Salabha = grasshopper, locust. So, Shalabhasana; the locust pose is a asana with backward bending of the spine. The final position of this Asana resembles a locust or a grasshopper–a strong flier i.e. the instrument to move is strong. To build the same quality in the body, muscles related to locomotion are strengthened.
Starting position: Lie on the stomach (prone position), with chin resting on the mat, legs stretched full length and toes pointing outwards. Make a fist of your arms and rest it underneath your groin area. Or you can rest the arms by the sides, palms facing down–slightly pushed under the thighs. Close the eyes and be at ease, maintaining the body awareness. You can also start the asana by being in the relaxing crocodile pose initially.
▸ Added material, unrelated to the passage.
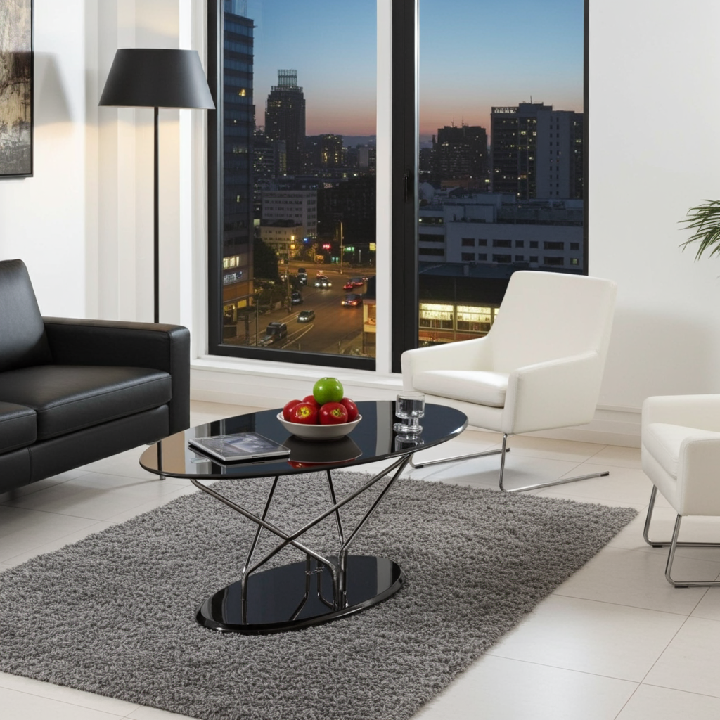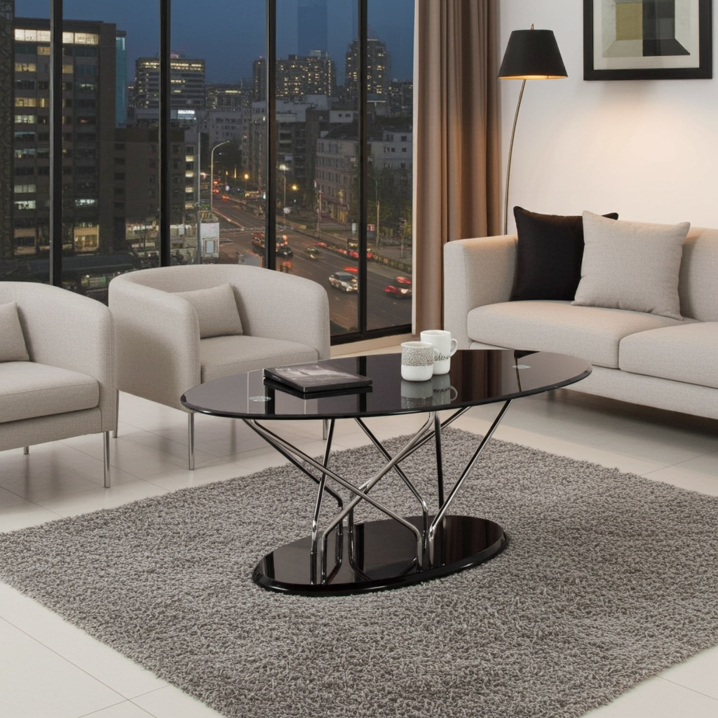 The Uplands Glass Coffee Table – Chrome & Black blends bold contrast with minimalist design. Its black tempered glass top adds depth and drama, while the chrome-finished frame delivers sleek sophistication. The high gloss base enhances its modern appeal, making it a standout piece in monochrome or industrial-style living rooms. Measuring 1200 mm wide, it offers generous surface space for drinks, décor, or coffee table books.
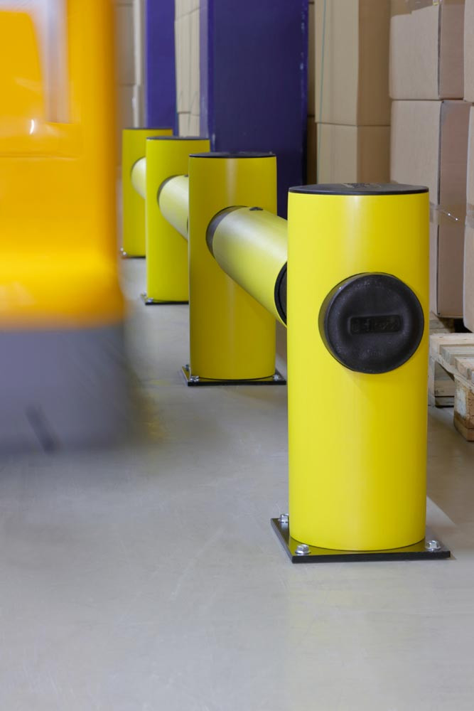 · Zum Schützen von Anlagen, Maschinen und Gebäuden · Flexibles PE ∙ 100 % recyclebar · Material verformt sich und kehrt nach der Kollision in den Ursprungszustand zurück · Minimiert Instandhaltungskosten · Trennt Verkehrswege und sichert die Betriebsabläufe · Modulare Bauweise im Baukastensystem · Endlos erweiterbar · Bodenplatte 225 x 225 mm · Befestigungsmaterial im Lieferumfang enthalten

Exhaling, in 3 seconds, raise the right leg (kept straight) as high as possible without lifting the hips; keeping the left leg firmly on the ground. While raising the leg, secure the palms and contract the lower back muscles. This is known as Ardha or Sulabh shalabhasana.
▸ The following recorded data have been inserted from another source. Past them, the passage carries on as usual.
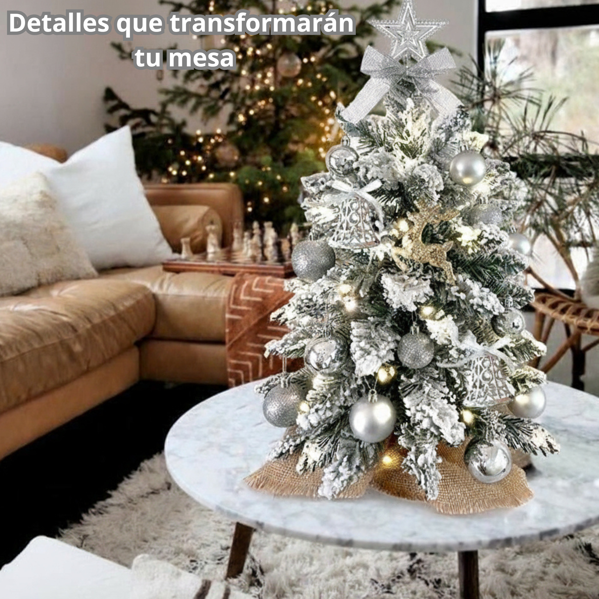 Decorate your home, office, shop, or apartment with this charming tabletop Christmas tree featuring a snowy forest design . Its realistic appearance, durable materials, and warm lights make it the perfect piece to create a magical Christmas atmosphere .
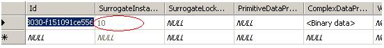 Now run the client. Once the service sends the response back to the client (recall – no persistence on send here), it enters a delay shape for 1 minute. Meanwhile we have configured to persist the WF after 5 seconds. So wait 5 seconds and open table “InstancesTable”; just like in Part 1 you will see the WF state persisted:
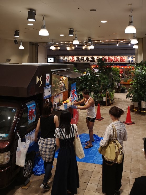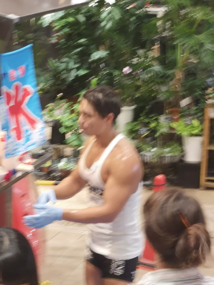 マッチョの男性が電動では無く手動でかき氷を削りそれを別のマッチョ男性が筋肉を見せ、その筋肉を使ってシロップを掛けお客様にかき氷を提供しておりました。

Maintain this pose for 6 seconds, suspending the breath (final position).
Return to starting position: Inhaling, in 3 seconds, gently bring the raised foot down to attain starting position.
Follow the above steps with the left leg.
Now, perform the Asana with both the legs rising simultaneously, while exhaling to complete one round.After some practice, advanced students practice lifting both the hands up off the ground. Initially as you do Ardha Shalabhasana you can lift the opposite hand off the ground.
Recommended practice: Practice 3 rounds, with pause in-between rounds.
Contraindications: Hernia, hyper tension, heart ailments, pregnancy and peptic ulcers. People with a protruding belly will have difficulty lying in prone position.